I have been begun keeping a food and exercise journal of sorts, using FitDay. You can use the free version, and even publish to the web if you want (as I have done) or you can download a paid version, with a few more bells and whistles. You can check out mine in the top right corner of the blog.
What I like about FitDay is that you can add your own "custom" foods, as long as you have a food label to look at. It totals up your calories eaten and even can give you a report to see if what you are eating is nutritionally sound, as in meeting the FDA requirements.
Of course, not many of us have the time to keep a food journal, let alone add information into a data base, but if you can find the time (it takes about 1 minute to actually input the information from a label), it could be well worth your effort, even if it is only a temporary thing.
Many of us who are over-weight simply do not understand how it could be. A common thing I read and here, even at times from my own lips is, "I don't understand how I got so fat, I hardly eat anything". Sure, your metabolism could probably use some tweaking, and aging plays a part in that, but many of us simply are not aware of what we eat. Consider this excerpt from an MSNBC article on weight-loss pitfalls...
If it's not a plate, it doesn't count
Think 25 calories a mouthful. Assume that's what every bite you take is worth, says Elizabeth Somers, a registered dietitian in Salem, Ore.
“So many people do well during mealtime, but forget about the extra food they’ve had along the way — the handful of nuts before dinner, the taste-testing of cookie dough, the food left on their kid’s plate," says Somers, who wrote “10 Habits That Mess Up a Woman’s Diet.” "Every bite adds up.”
Four bites a day is 100 extra calories. In a month’s time, that’s nearly a pound of extra weight.

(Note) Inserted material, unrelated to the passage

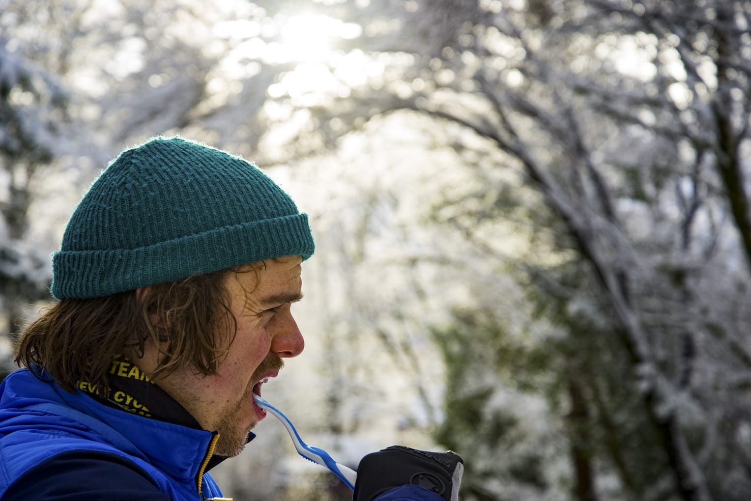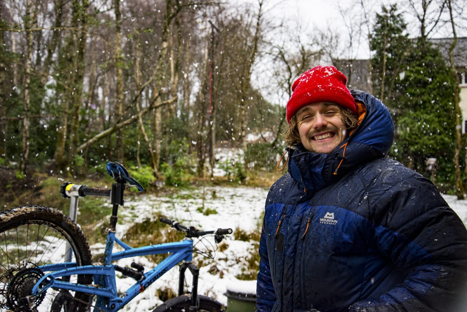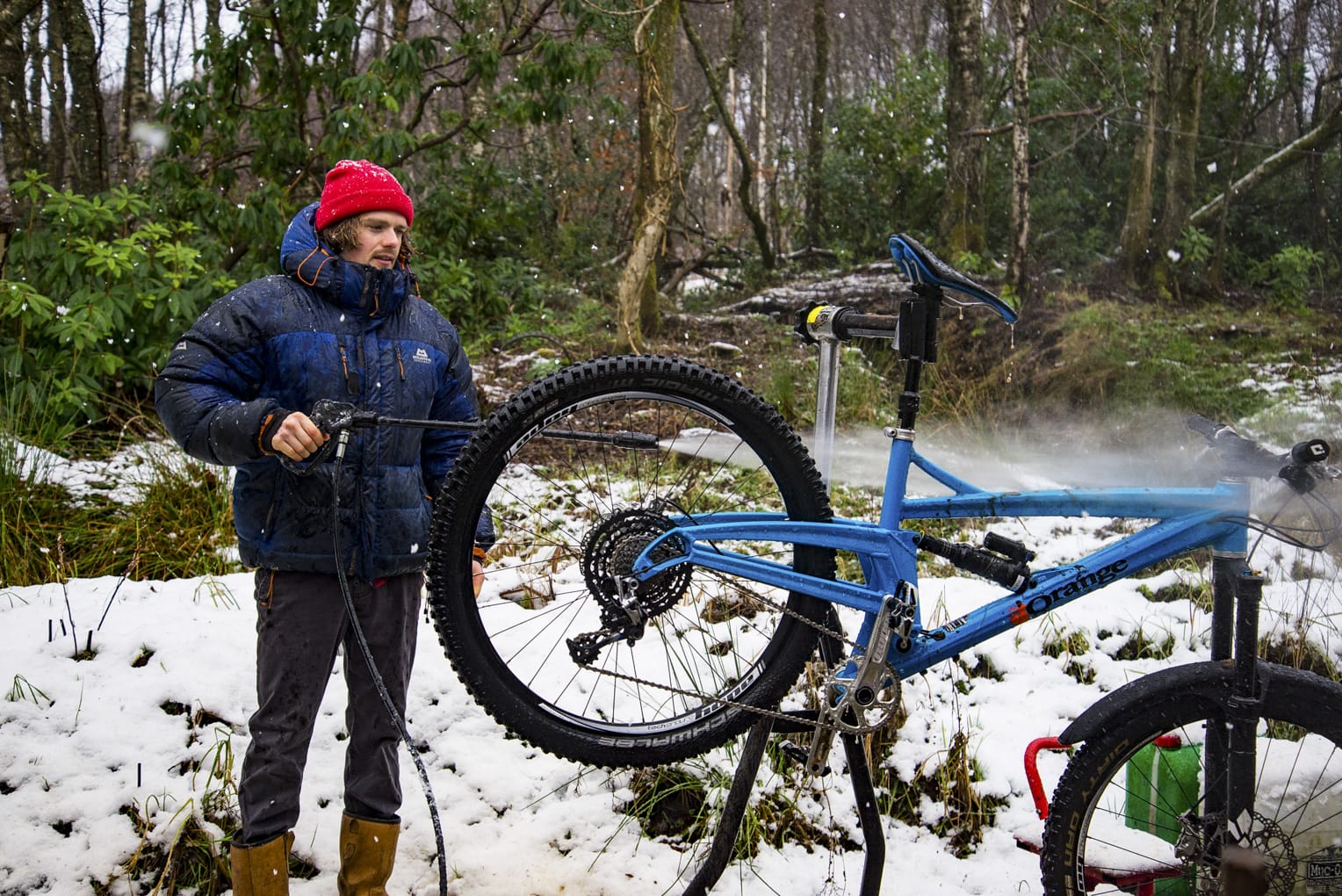 Before we load the bikes into the van, Joe whips out his all-terrain slippers (no, really) and swaps his cold, wet riding shoes for something altogether more comfortable. With toes warming nicely he tucks into the culinary delight that is tinned sardines on oatcakes. Back at the ranch, we thaw out with another gallon of Barleycup before getting the bikes clean as a whistle as the fresh snow falls.

A journal helps to keep track of those extra bites. I don't know how long I will enter the information into my FitDay journal, but I intend to do it at least until certain foods and meals become routine. At the very least it is helping me to see if what I eat is covering my basic nutritional needs. If you are interested, go to FitDay.com and try out the free version, you don't have to publish to the web, that is optional!